== Records from a collection ==
*** Begin section ***
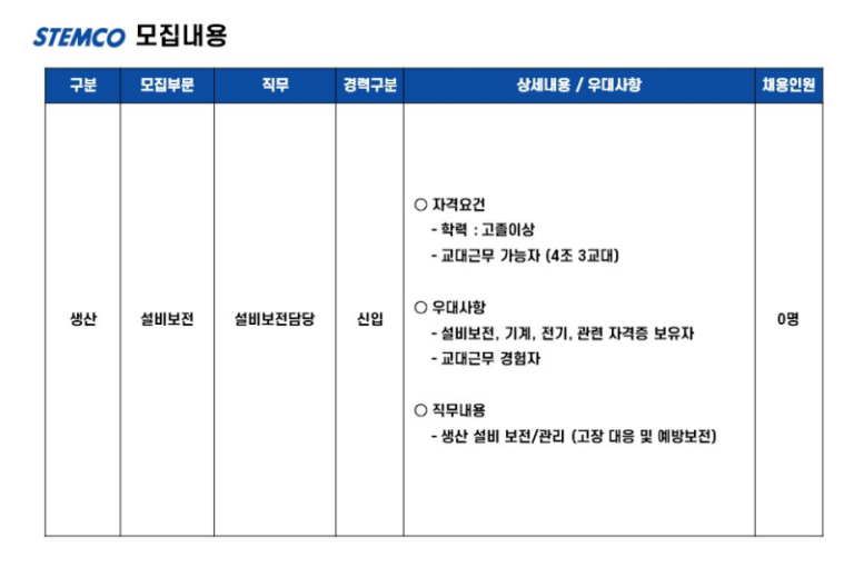 합격률 UP! 충북 청주 스템코 생산직(설비보전) 자소서 완벽 분석 & 합격 전략
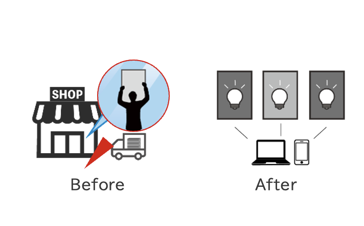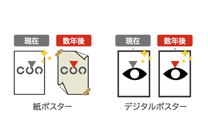 液晶モニターにはない紙ポスターの利点はそのままに、デジタルならではのメリットが加わります。
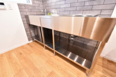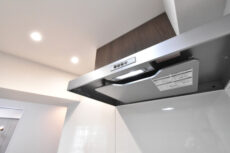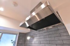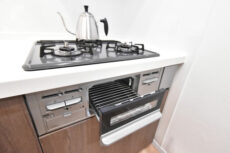 コンロは3口、グリルも付いています。窓があるとはいえ、オープンキッチンなので調理中は換気扇を忘れないよう気を付けましょう。少し早めに回し始めると効果的らしいですよ。
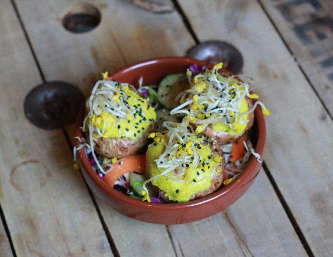 En esta nota, la cocinera nos comparte tres recetas veganas que forman parte de la carta del restaurante y que, más allá de la ideología de cada uno, están destinadas a todas las personas curiosas -veganas o no- que busquen alimentarse mejor y con mayor consciencia. Los hongos Portobello con crema de castañas son una preparación crudivegana. “Dentro del veganismo, hay distintas ramas, y una de ellas es el crudiveganismo. El crudivegano se alimenta a base de vegetales crudos. En esta receta, la base de la crema son las castañas de Cajú, fruta seca que contiene un alto contenido de aminoácidos”, explica Macarena. Puede ser una entrada original o un plato principal si se lo acompaña con una ensalada.
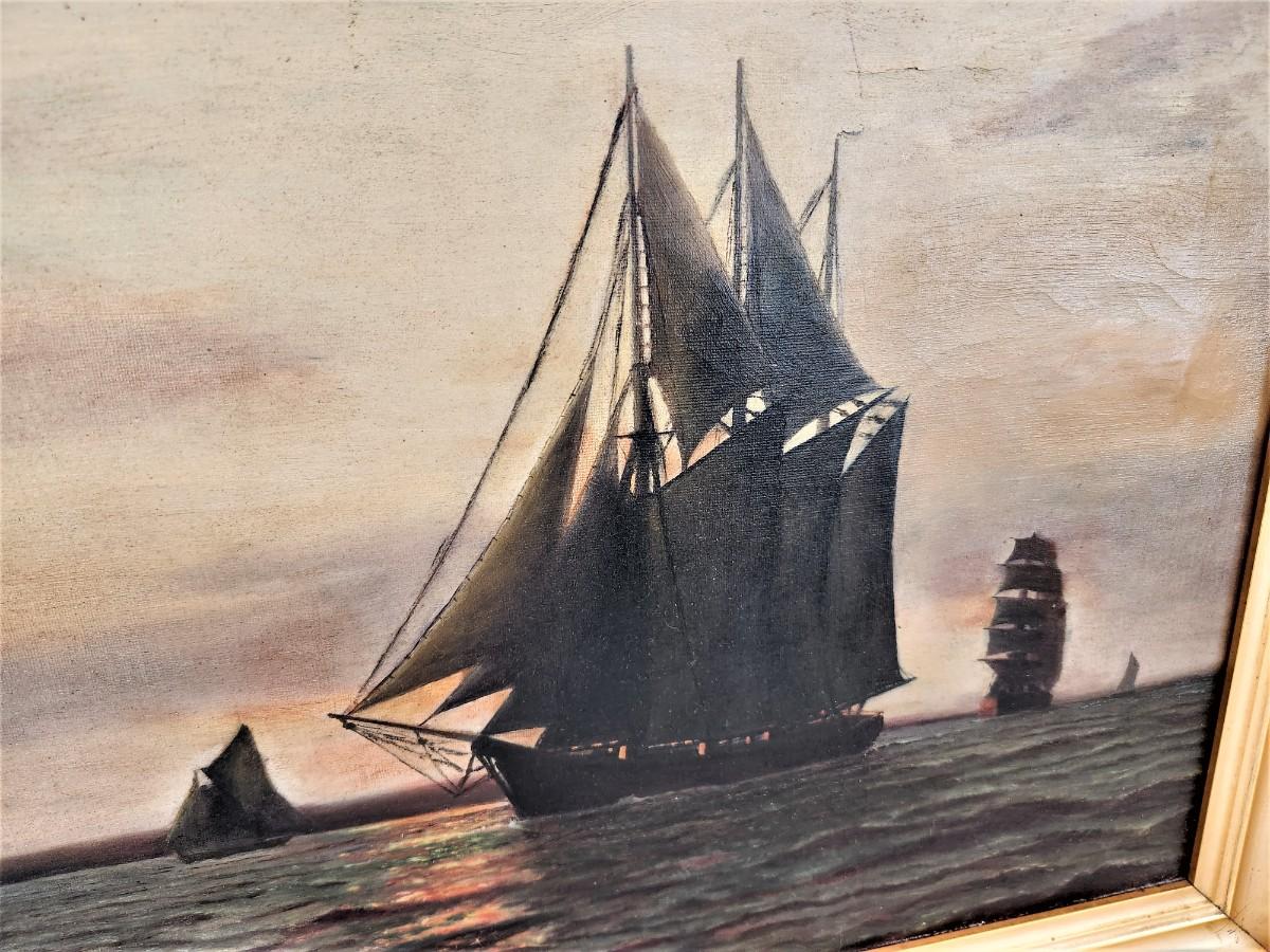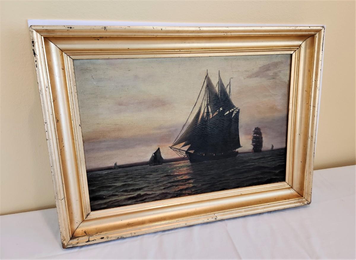 Lot #29  Oil on Canvas - Sailing Ships - probably late 19th Century
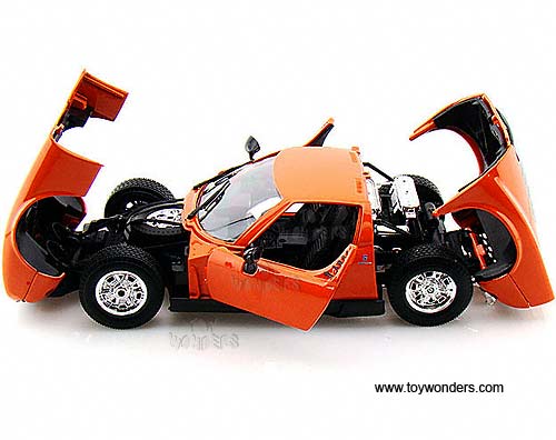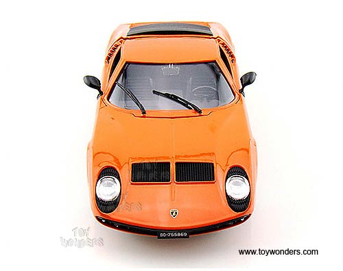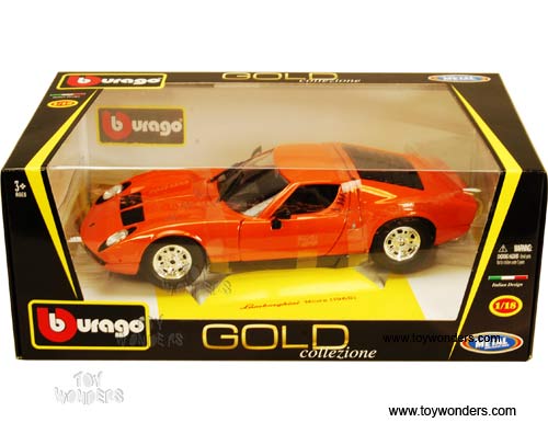 12072 BBurago Gold - 1968 Lamborghini Miura Hardtop. 1:18 scale diecast collectible model car. This Lamborghini Miura is a 9.25"L x 3.5"W x 2.25"H diecast metal car with openable hood and doors. Italian design. The 1968 Lamborghini Miura is manufactured by BBurago. 12072 is in ORANGE color. Individually packed in a window box. Box size: 11.75"L x 7"W x 4.75"H.
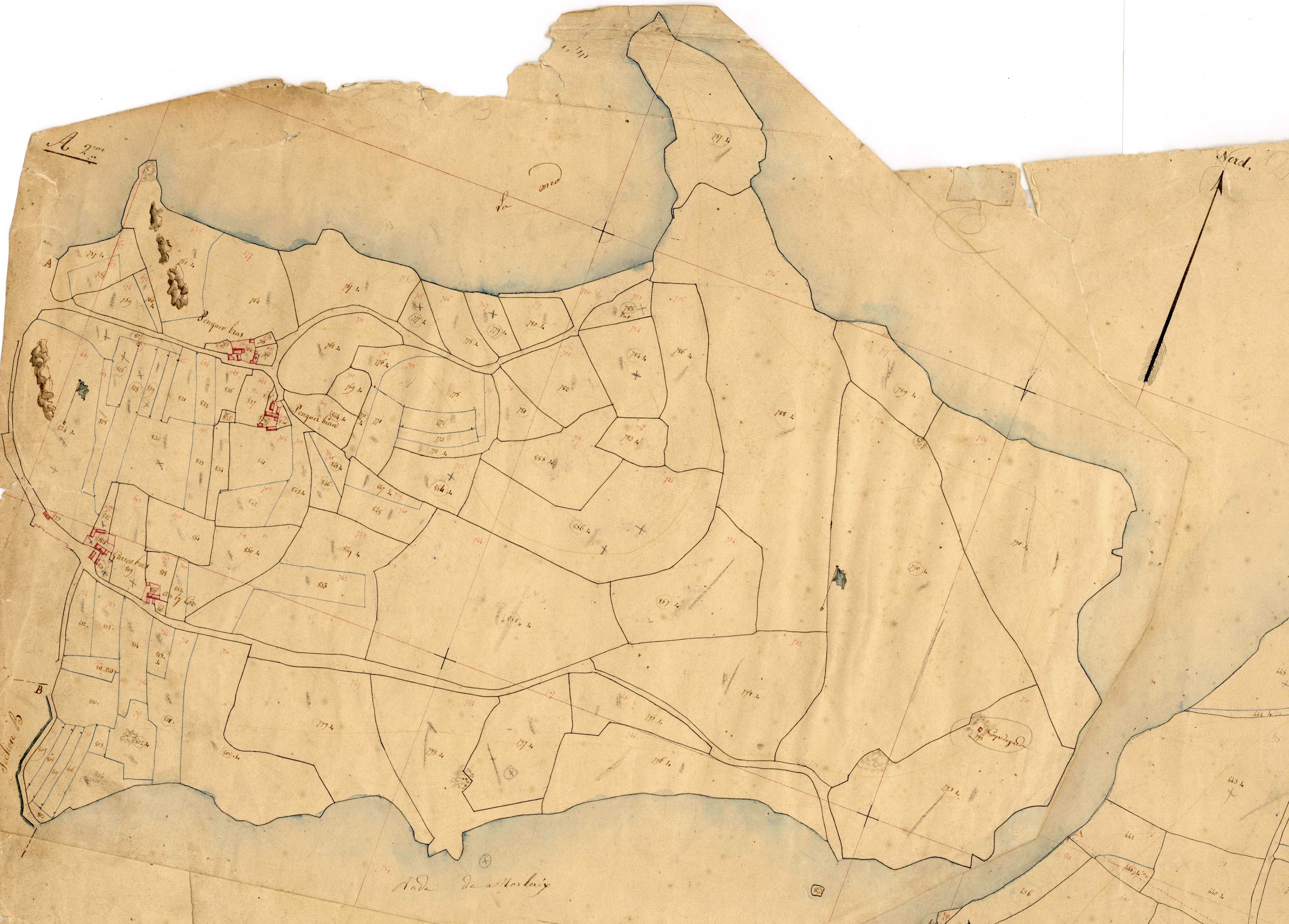 Cadastre parcellaire de Carantec : section A dite du bourg, feuille n° 2, 1828.
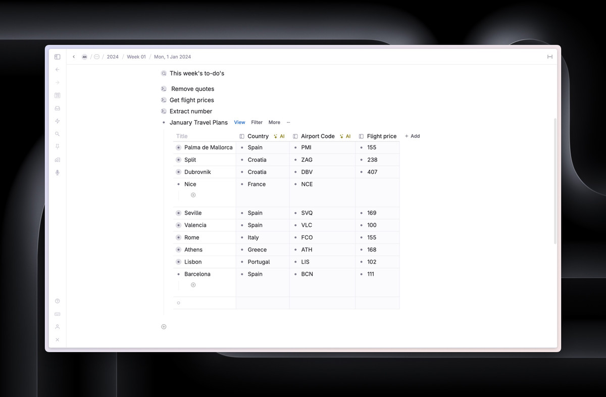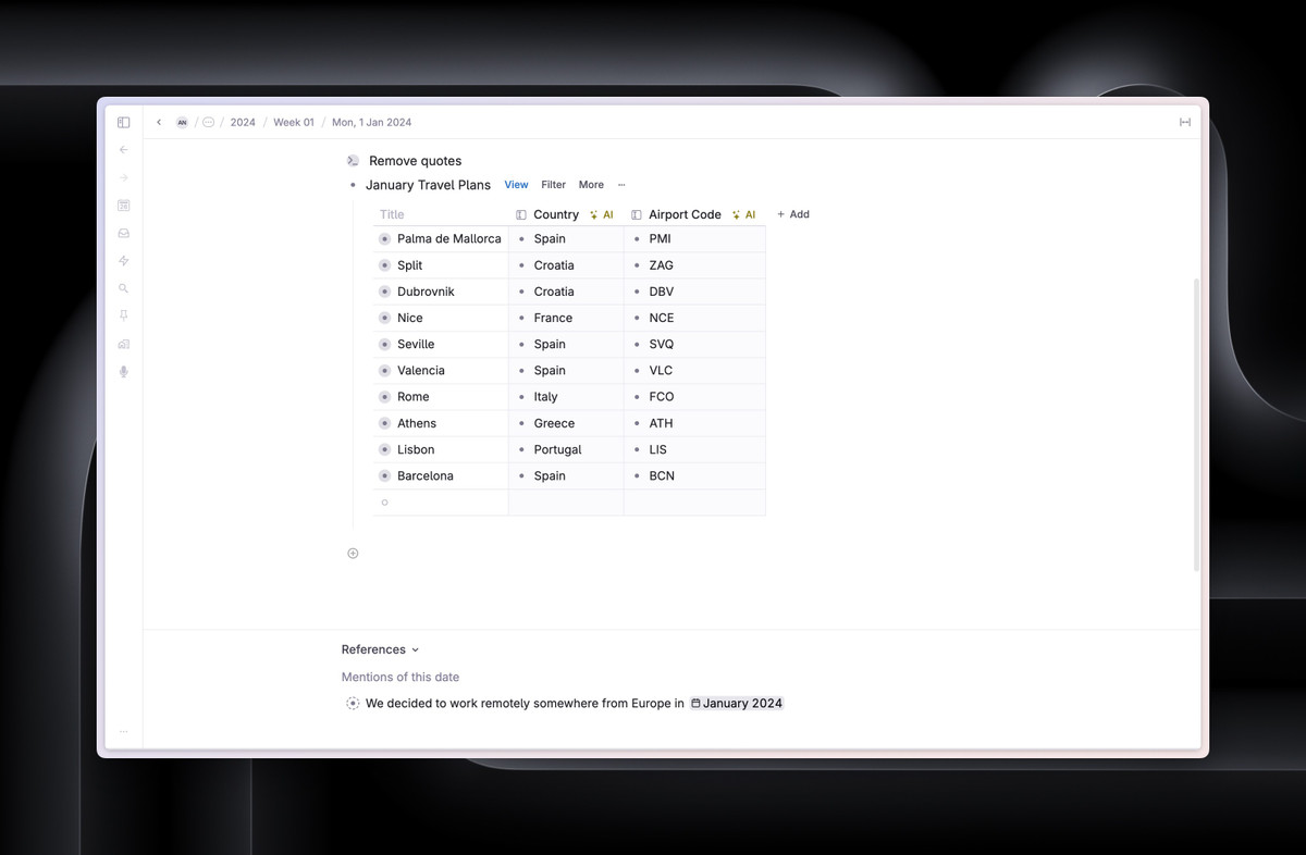 Yesterday, we started planning our January trip. We will add another field to the table, the airport code, convert it to an AI field, and remove the quotes.
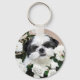 Black and white Shih Tzu face among the white roses cute dog lovers keychain
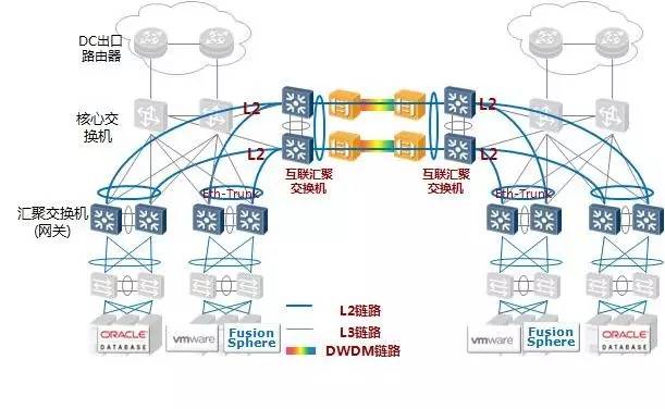 第二个方案是采用二层光纤直连技术打通。每个中心部署互联汇聚交换机,中心内的汇聚(网关)交换机通过链路聚合接入该互联汇聚交换机,互联汇聚交换机通过链路聚合接入波分设备,链路聚合保证整网无二层环路。同时在汇聚互联交换机配置二层风暴抑制。
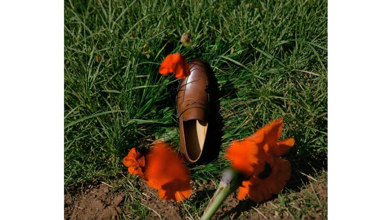 アッパーには、磨き上げられた上質なポリッシュドカーフスキンを使用し、気品ある光沢と洗練された佇まいを実現。アウトソールはランブルスコカラーのレザーソールで仕上げ、細部までこだわり抜いた美意識が息づいている。
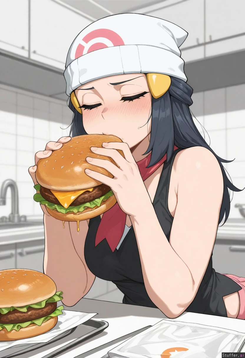 (masterpiece:1.9), anime_coloring, 4k, krekkov_(artist), 1girl, solo, dawn_(pokemon), plump_lips, pink_lips, kitchen, blushing, tank_top, closed_eyes, burger, eating
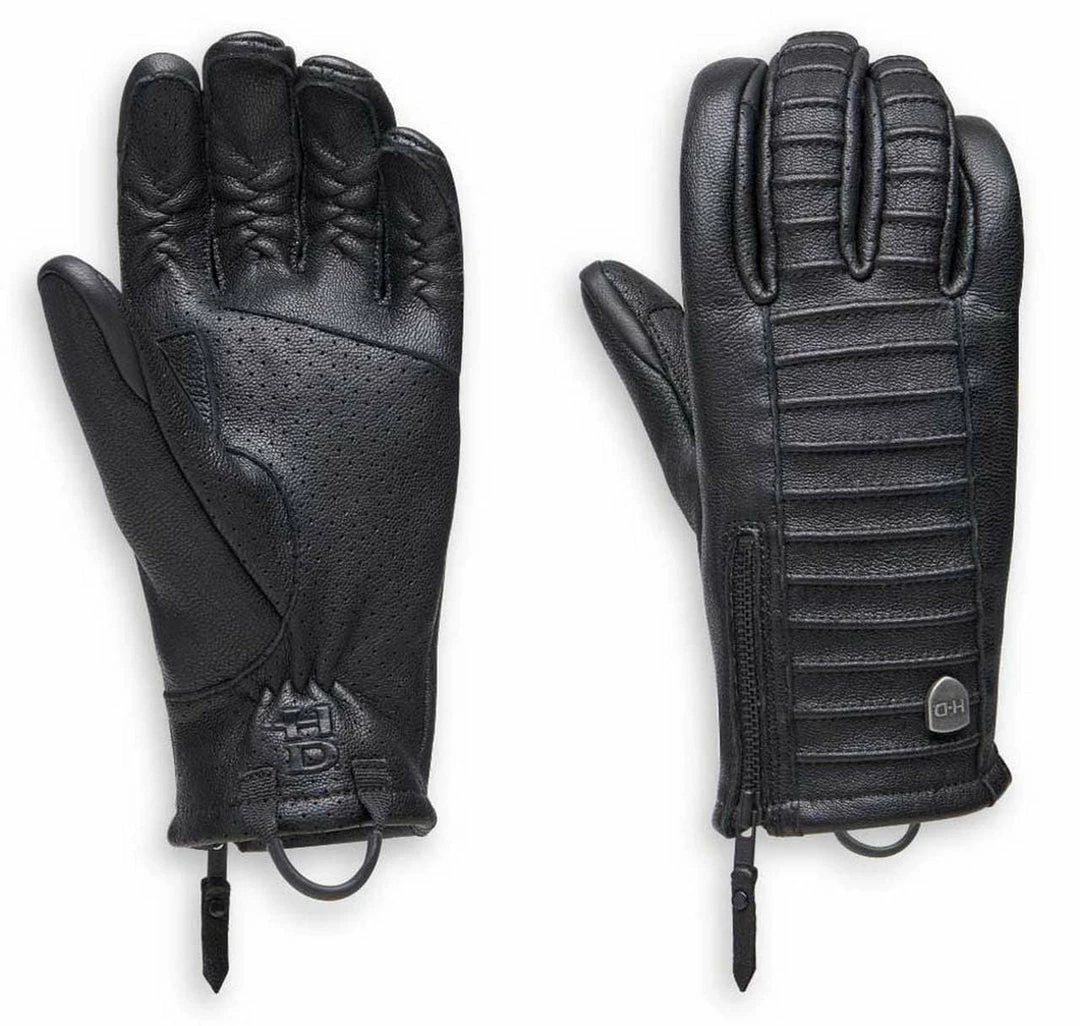 Perforated leather palm and fourchettes help heat evaporate for cooling. Coolcore lining for cooling effect. Ergonomic thumb and 30º pre-curved fingers with elastic detailing. Elastic wrist with zipper closure and entry-assist cuff loop. Visco foam knuckle protector. Comfort seams. Touchscreen compatible. Roper finger stitching. Embossed graphics. Metal badge. Solid and perforated goatskin leather. Unlined palm. Polyester Coolcore lining on back of hand.
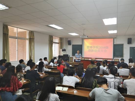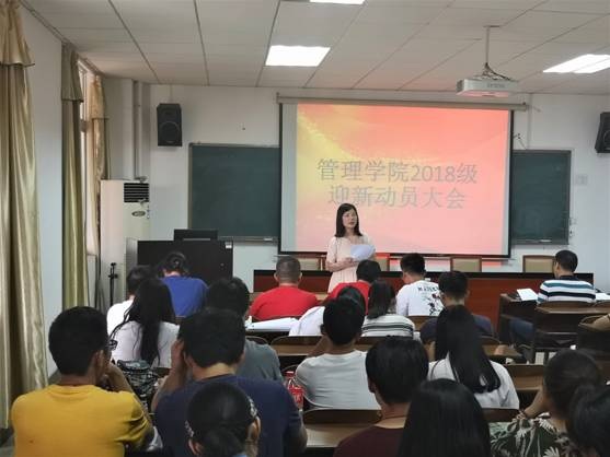 9月11日星期二下午4点15分,为落实2018届新生入学报道工作,0638太阳集团官网管理学院在G505成功召开"2018年迎新动员大会"。此次会议由学班主任罗荃老师主持,全体辅导员老师、2018级新生班主任,下班党员、朋辈心理辅导员、学生会全体成员参加会议。
*** End section ***
== EXERCISE ==
Without including any picture, repeat the data exactly.

== TASK SOLUTION ==
 합격률 UP! 충북 청주 스템코 생산직(설비보전) 자소서 완벽 분석 & 합격 전략
 液晶モニターにはない紙ポスターの利点はそのままに、デジタルならではのメリットが加わります。
 コンロは3口、グリルも付いています。窓があるとはいえ、オープンキッチンなので調理中は換気扇を忘れないよう気を付けましょう。少し早めに回し始めると効果的らしいですよ。
 En esta nota, la cocinera nos comparte tres recetas veganas que forman parte de la carta del restaurante y que, más allá de la ideología de cada uno, están destinadas a todas las personas curiosas -veganas o no- que busquen alimentarse mejor y con mayor consciencia. Los hongos Portobello con crema de castañas son una preparación crudivegana. “Dentro del veganismo, hay distintas ramas, y una de ellas es el crudiveganismo. El crudivegano se alimenta a base de vegetales crudos. En esta receta, la base de la crema son las castañas de Cajú, fruta seca que contiene un alto contenido de aminoácidos”, explica Macarena. Puede ser una entrada original o un plato principal si se lo acompaña con una ensalada.
 Lot #29  Oil on Canvas - Sailing Ships - probably late 19th Century
 12072 BBurago Gold - 1968 Lamborghini Miura Hardtop. 1:18 scale diecast collectible model car. This Lamborghini Miura is a 9.25"L x 3.5"W x 2.25"H diecast metal car with openable hood and doors. Italian design. The 1968 Lamborghini Miura is manufactured by BBurago. 12072 is in ORANGE color. Individually packed in a window box. Box size: 11.75"L x 7"W x 4.75"H.
 Cadastre parcellaire de Carantec : section A dite du bourg, feuille n° 2, 1828.
 Yesterday, we started planning our January trip. We will add another field to the table, the airport code, convert it to an AI field, and remove the quotes.
 Black and white Shih Tzu face among the white roses cute dog lovers keychain
 第二个方案是采用二层光纤直连技术打通。每个中心部署互联汇聚交换机,中心内的汇聚(网关)交换机通过链路聚合接入该互联汇聚交换机,互联汇聚交换机通过链路聚合接入波分设备,链路聚合保证整网无二层环路。同时在汇聚互联交换机配置二层风暴抑制。
 アッパーには、磨き上げられた上質なポリッシュドカーフスキンを使用し、気品ある光沢と洗練された佇まいを実現。アウトソールはランブルスコカラーのレザーソールで仕上げ、細部までこだわり抜いた美意識が息づいている。
 (masterpiece:1.9), anime_coloring, 4k, krekkov_(artist), 1girl, solo, dawn_(pokemon), plump_lips, pink_lips, kitchen, blushing, tank_top, closed_eyes, burger, eating
 Perforated leather palm and fourchettes help heat evaporate for cooling. Coolcore lining for cooling effect. Ergonomic thumb and 30º pre-curved fingers with elastic detailing. Elastic wrist with zipper closure and entry-assist cuff loop. Visco foam knuckle protector. Comfort seams. Touchscreen compatible. Roper finger stitching. Embossed graphics. Metal badge. Solid and perforated goatskin leather. Unlined palm. Polyester Coolcore lining on back of hand.
 9月11日星期二下午4点15分,为落实2018届新生入学报道工作,0638太阳集团官网管理学院在G505成功召开"2018年迎新动员大会"。此次会议由学班主任罗荃老师主持,全体辅导员老师、2018级新生班主任,下班党员、朋辈心理辅导员、学生会全体成员参加会议。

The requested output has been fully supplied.